AWS offers a wide range of services and tools that simplify the work of developers and solution architects. However, there are instances where certain limitations or missing features can be frustrating or challenging. In this post, I’ll share some workarounds I’ve implemented to make SIP trunks function smoothly on ECS Fargate with AWS Chime Voice Connector.

First, if you’re not familiar with Voice Connector, it’s a SIP trunking service for call origination and termination, part of the Chime SDK. It can be used to build conferencing solutions and other voice-enabled applications. For more information, you can explore the details here: AWS Voice Cconnectors

Problem: An important point about Voice Connector is that its proxy or edge SIP servers are only accessible via the internet using public IPs. While AWS offers a solution using Direct Connect, it doesn’t work if your servers are hosted within AWS itself. This creates the first limitation: your SIP servers must connect to Voice Connector through the internet, meaning they either need a public IP or must be behind a NAT (although NAT doesn’t work in this case). To address this limitation and the security concerns around call origination, AWS provides an Allowed Hosts List in the termination settings. You must add your server’s or NAT’s IPs to this list, which allows your servers to send SIP traffic to Voice Connector.

If your SIP servers are running on EC2, you’re in luck—it’s easier to assign Elastic IPs to your instances. You simply need to add those IPs to the allowed hosts list and make a few adjustments to your security groups to allow incoming traffic from Chime. You can find the AWS IP ranges here: network-config

But what if you want to utilizing the benefits of containers and cost efficiency and use ECS Fargate (NOT ECS with EC2), you will be in trouble. You can enable your Fargate task to get dynamic public IP but how should you deal with that Allowed Hosts List? Maybe hiring someone to just sit there and whenever a task goes down or new task comes up, update IPs list :))

This is where AWS doesn’t currently offer a viable solution. I spoke with support, and their suggestion was to use EC2 or NAT. Recommending EC2 to a team that’s looking for a Fargate-based solution feels more like avoiding the problem than solving it. So, what’s the issue with NAT? NAT works when your server is in a subnet behind a NAT gateway and only needs to initiate requests to Chime. However, for incoming requests—like a BYE message at the end of a call—your server won’t receive it because it’s behind NAT.

What about using a network load balancer (NLB)? While it’s another potential approach, it doesn’t work either. If you put an NLB in front of your ECS cluster and use its IP in the SIP Contact header, you can receive incoming SIP requests from Chime. However, you still need to register your tasks’ public IPs with Chime to allow tasks to send SIP requests—complicating things further. Sound complex? Don’t worry—stay happy! 😉

The great thing about AWS is that there’s almost always a way to work around limitations, thanks to the extensive APIs available for most services. This flexibility allows you to build custom solutions to tackle challenges—just like the approach that worked for me in this scenario.

Solution: One solution I implemented was delegating the task of updating the IP whitelist for Voice Connectors to a simple service.
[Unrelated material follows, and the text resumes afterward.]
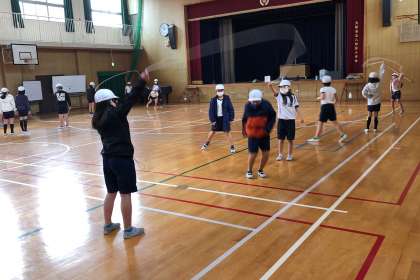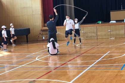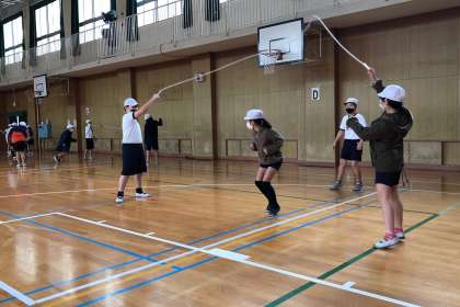 一本の長縄から2本の長縄跳びにチャレンジしました。

When an ECS task starts, it calls this service and provides key information about itself. The service then takes care of updating the Voice Connector’s termination settings and allowed IP list automatically.
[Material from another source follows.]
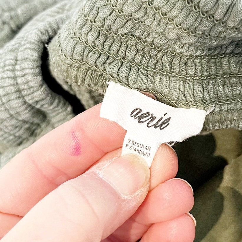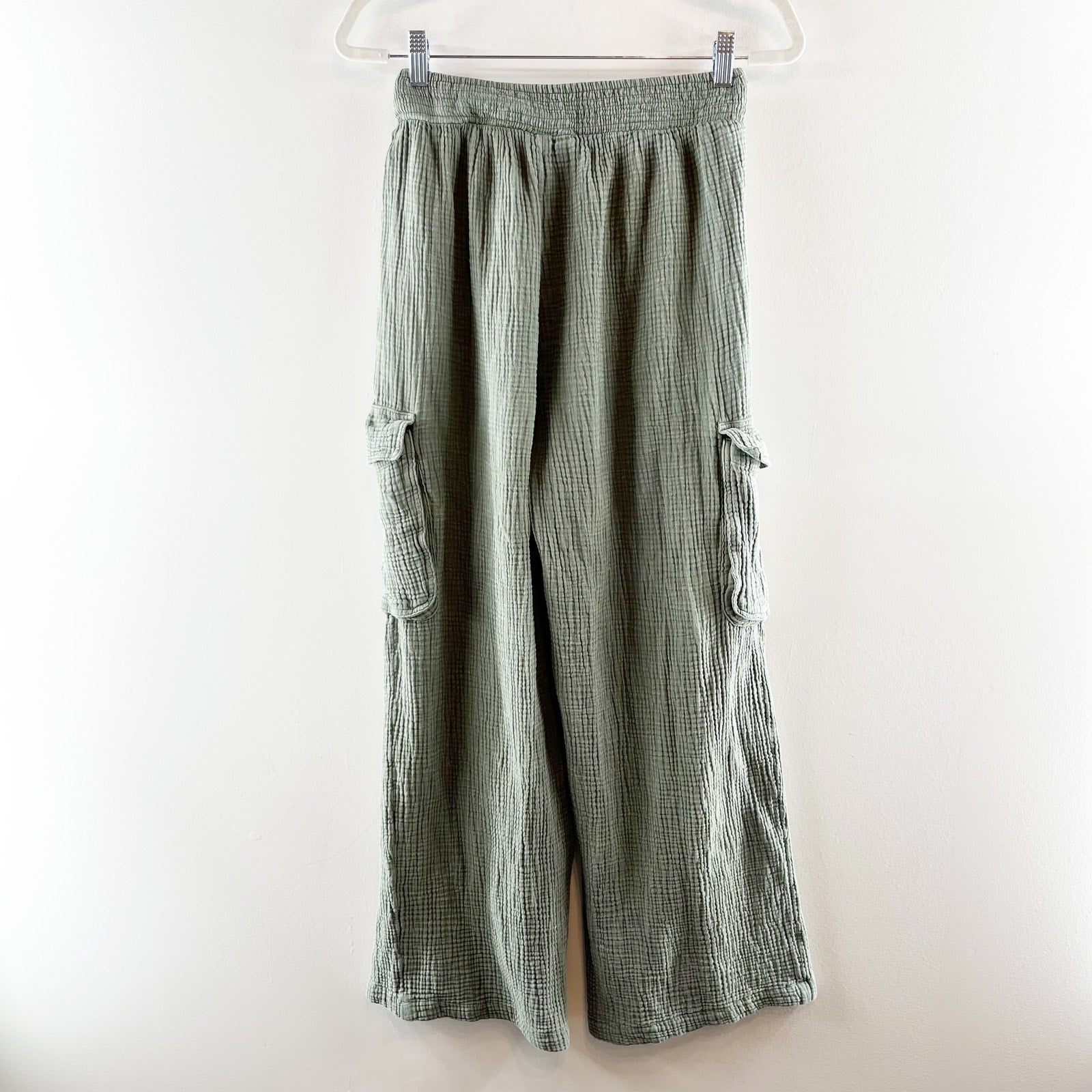 Aerie Pool to Party Gauzy Cotton High Rise Wide Leg Cargo Pants Green Small

Step 1: Integrating a call to an API within your container’s entry point is straightforward. You can send any relevant information that the service needs to understand details about the ECS cluster, service, region, IPs, and more regarding that task.

In our scenario, our SIP servers already maintain a WebSocket connection to the API Gateway, so we leveraged that same connection. This approach eliminates the need for additional authentication steps typically required for calling a REST API, although managing authentication isn’t overly complicated.

Step 2: Behind the API Gateway, we have a Lambda function that receives the notifications and processes them. This Lambda function is responsible for updating the Voice Connector’s termination settings and managing the IP list.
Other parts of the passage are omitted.